The ruling from Britain’s Supreme Court means that wheelchair users will now have priority over mums with pushchairs on buses. Drivers will now have to insist that non-wheelchair users leave priority spaces if someone who is disabled wants to board.
Before the court case, the priority area was seen as for use by the disabled, the elderly and parents with children. However, wheelchair user Doug Paulley went to court when he tried to get on a FirstGroup bus, with signs asking passengers to give up the priority space if a wheelchair user needed it.
Stranded at the bus stop
Mr Paulley, from West Yorkshire, was unable to board, however, because a mother with a sleeping baby refused to move her pushchair when the bus driver asked her to.
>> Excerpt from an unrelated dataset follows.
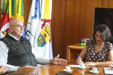 Porto Alegre, RS, Brasil, 12/11/2025: A prefeita em exercício, Comandante Nádia, recebeu na tarde desta quarta-feira (12) em seu Gabinete, no Centro Administrativo Municipal Guilherme Socias Villela (CAM), a visita de cortesia do deputado federal, Osmar Terra. Foto: Alex Rocha/PMPA

Following the verdict, he was greeted outside court by others with disabilities, who cheered as he came out.
He said that it had been a long fight but that the judgement now marked what he described as a “significant cultural change”. His case was first heard at Leeds Crown Court, which agreed with Mr Paulley that the bus firm should have enforced his right to use the space.
However, that judgement was overturned at the Court of Appeal, which decided that it did not strike the right balance between looking after the needed of those who used wheelchairs and other vulnerable passengers. It also said bus drivers could face confrontation, and bus passengers could suffer delays. Now, the Supreme Court has issued a ruling giving wheelchair users priority.